GM: Looking ahead to 2019, what companies and funds will you be following along with in Europe and beyond?
IH: I’m interested in some of the ones growing out of their seed stages and into Series A. You have Lab Genius and GTN for example. Something I found interesting was that the Y Combinator summer class last year had about 25% bio companies. And a year before they had zero. I haven’t done the exercise of looking through a portfolio of all the seed funds in Europe, but Entrepreneur First now has much more bio in their cohort, some of the investors like Kindred, their portfolios have increasing numbers of deep tech companies. You also have funds like Blue Yard in Germany, where they are only focused on deep tech, whether it’s bio or quantum or whatever else. And that’s what happens, right – the seed investments come in first and a trend is spotted, and then the A investors start getting interested. I would worry if, all of a sudden, the Y Combinator class, and the other influential seed players, reduced their interest. That would be a worrying signal as they are helping drive this recent growth of the industry in general.

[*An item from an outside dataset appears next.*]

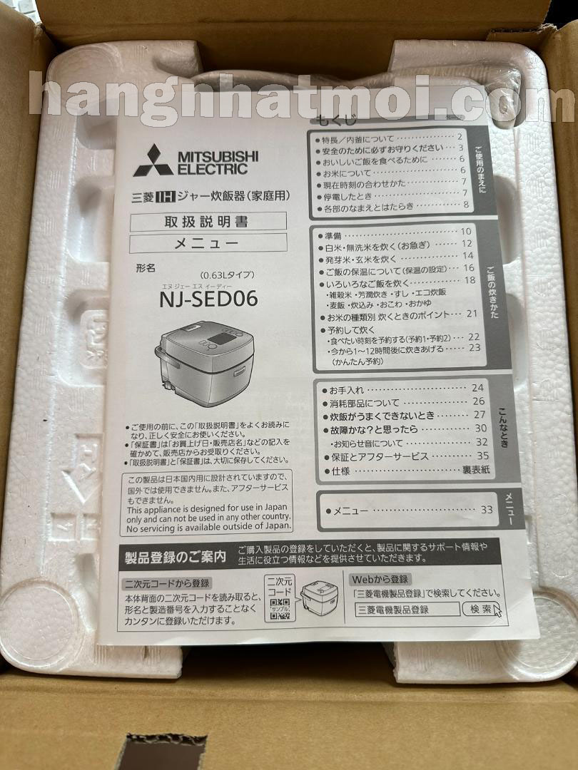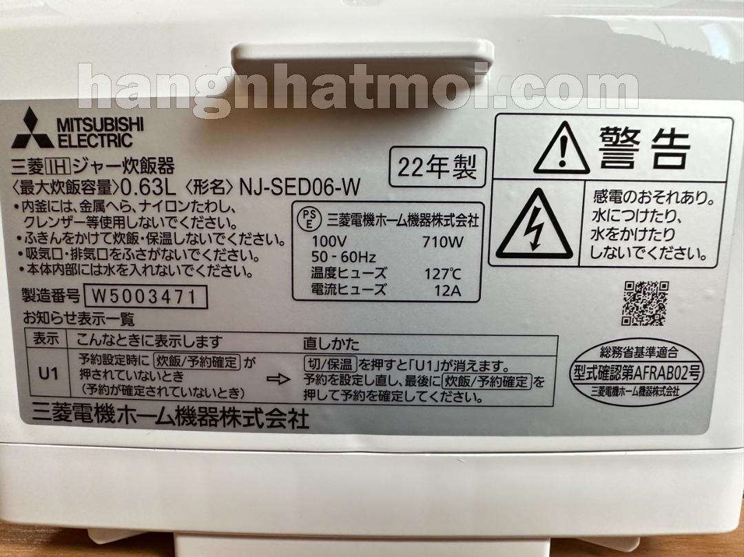 LINK SẢN PHẨM TỪ HÃNG: https://www.mitsubishielectric.co.jp/home/suihanki/product/sumitaki/nj-sed06/index.html
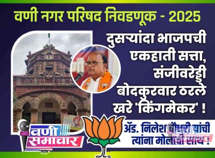 यवतमाळ जिल्ह्यातील वणी नगरपरिषद निवडणुकीत भारतीय जनता पक्षाने (भाजप) दणदणीत विजय मिळवत एकहाती सत्ता काबीज केली आहे. एकूण २९ नगरसेवकांच्या जागांपैकी भाजपने १८ जागा जिंकल्या, तसेच नगराध्यक्ष पदही त्यांच्या ताब्यात आले.या विजयाने माजी आमदार संजीवरेड्डी बोदकुरवार यांनी विधानसभा निवडणुकीतील पराभवाचा वचपा काढला असून, ते या निवडणुकीचे खरे ‘किंगमेकर’ ठरले आहेत. वणीकर जनतेचा भाजप आणि बोदकुरवारांच्या नेतृत्वावरचा विश्वास पुन्हा एकदा सिद्ध झाला आहे.

GM: Ok, final question – what conferences and events in 2019 will you be attending or keeping an eye on?
IH: I should start by saying I don’t think there’s actually a good event that is focused on this space that is a global one. I think you can capture it by going to various events, of course, but not one that captures the full sector. The J.P. Morgan Healthcare Conference is the big one. You have Health 2.0 in the U.S., their annual event. For the more specific biotech stuff, you have to go to more specific science conferences. And then there’s obviously for AI more broadly, there’s NeurIPS; for healthcare IT, there’s HIMSS. In London there’s RAAIS, and then there’s Hello Tomorrow in Paris which is increasingly good at capturing the deep tech space.